Przy uczniach nabieram prędkości - mówi nauczyciele roku

Młody nauczyciel musi być wytrwały. Pozwolić sobie na odrobinę szaleństwa i nie dać się małym zarobkom oraz biurokracji, która opanowała szkoły

Ile godzin tygodniowo Pan pracuje?

Jacek Świerkocki*: Teoretycznie pensum nauczyciela wynosi 18 godzin. W praktyce trzy razy w tygodniu do domu wracam po 16, dwa razy po 18. Lekcje, spotkania z uczniami, kółka - to wszystko zajmuje czas. Dorabiam, ucząc w szkole średniej, a w weekendy w szkole dla dorosłych. W soboty chodzę na kurs zarządzania oświatą, piszę artykuły.

To nie ma Pan zbyt wiele czasu dla rodziny...

- Robię, co mogę. W polskich realiach nauczyciel nie utrzyma rodziny z jednej pensji.
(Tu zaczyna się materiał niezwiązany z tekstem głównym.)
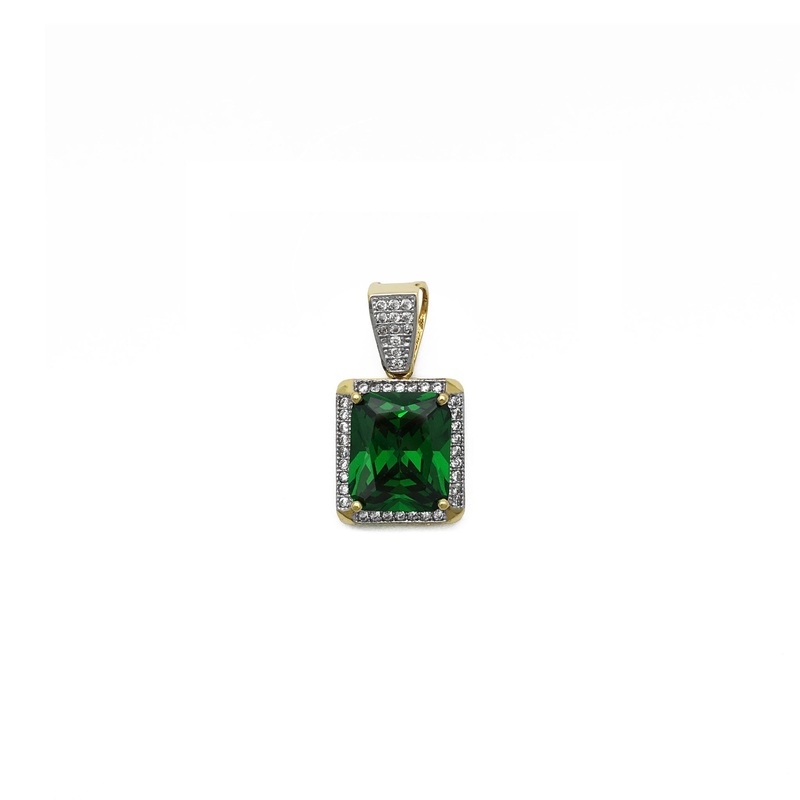 Be the first to review “Radiant Cut Faux Emerald Halo Pendant (14K)”

W gimnazjum zarabiam ok. 2,5 tys. Gdyby żona nie pracowała, byłoby nam ciężko. Tym bardziej że mamy dwóch synów: Maciek ma osiem lat, a Wojtek - dziesięć miesięcy. Najgorzej było pięć lat temu, kiedy oprócz chemii miałem zacząć uczyć informatyki. Najpierw sam musiałem nauczyć się mnóstwa rzeczy. Teraz też w domu spędzam czas głównie przed komputerem. Żona nie ma ze mną lekko. Na szczęście sama jest nauczycielką.
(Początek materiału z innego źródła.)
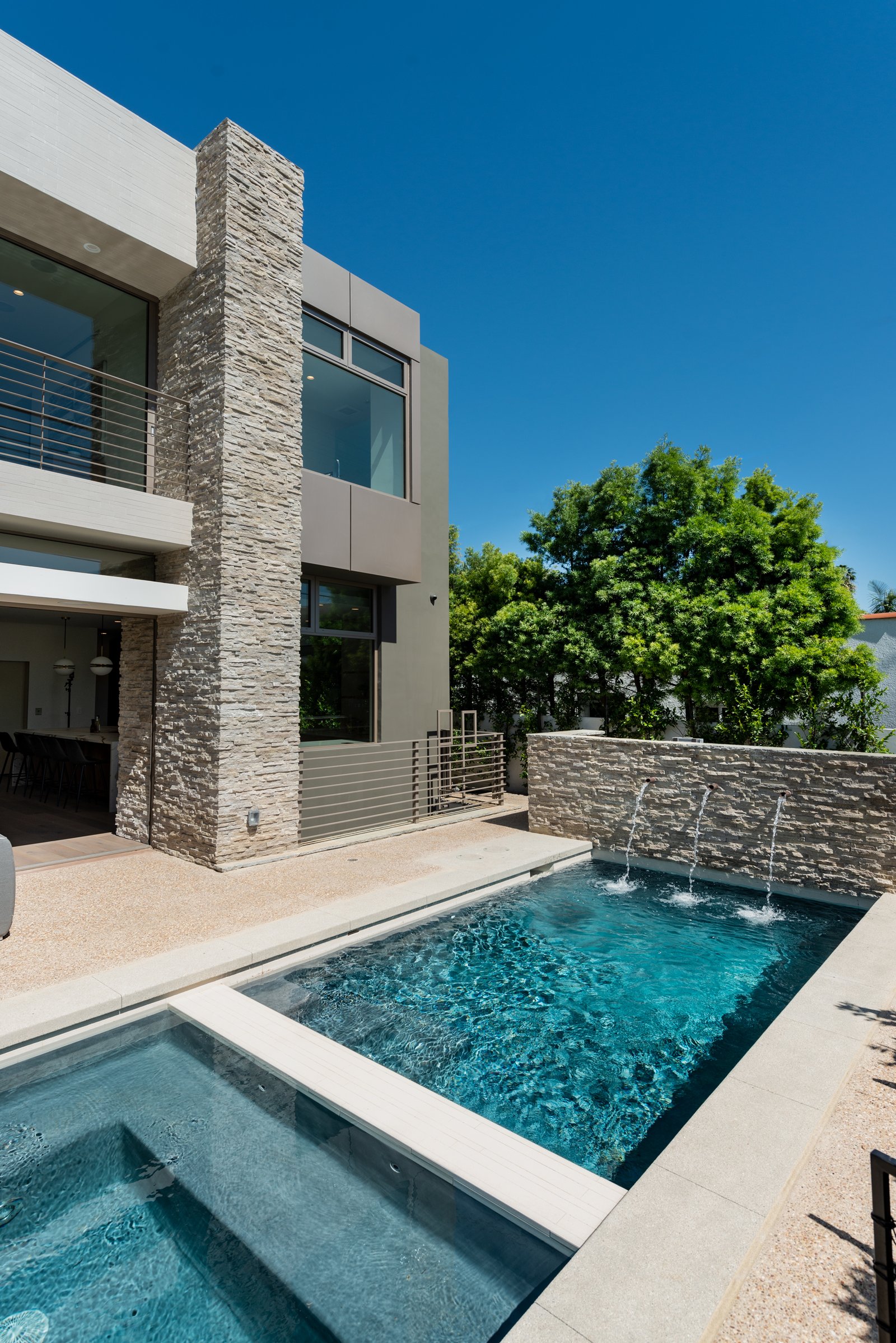 There is truly nothing LA Concrete Works cannot do when it comes to architectural hardscape. From sand-finish driveways to 6″ topping slabs to curbs and gutters, we can do it all. Our concrete crews work on both commercial and residential projects, allowing us to perform in multiple environments. Our head project managers have been in the field for over 25 years, bringing an extensive wealth of knowledge to the field. We help clients work through many different scenarios in terms of figuring out different elevations for proper drainage, the right type of design for your specific house, commercial projects, and much more. Landscape designs are integrating architectural elements more than ever, and they are not just limited to exterior spaces. Residential design has been incorporating architectural structures into interior spaces, such as board-formed walls, concrete fireplaces, and seating. We specialize in these finishes and have led the movement in integrating them into both interior and exterior spaces.

Co poradziłby Pan młodemu nauczycielowi?

- Żeby był wytrwały. Zwłaszcza gdy doskwierają mu małe zarobki i zderza swą pasję ze szkolną biurokracją. Musi pozwolić sobie na odrobinę szaleństwa i zadbać o swą wiedzę. Trzeba też umieć przekazać ją uczniom.

Jak Pan ją przekazuje?

- Na informatyce można sobie pozwolić na otwartość, kontrolowany luz. Bardzo dużo robimy poza lekcjami: na przerwach, kółkach i coraz więcej przez internet. W sieci sprawdzam im teksty, prezentacje. Dzięki internetowi mamy ze sobą kontakt praktycznie przez cały czas. Zaangażowanie uczniów dodaje mi energii, przy nich nabieram prędkości.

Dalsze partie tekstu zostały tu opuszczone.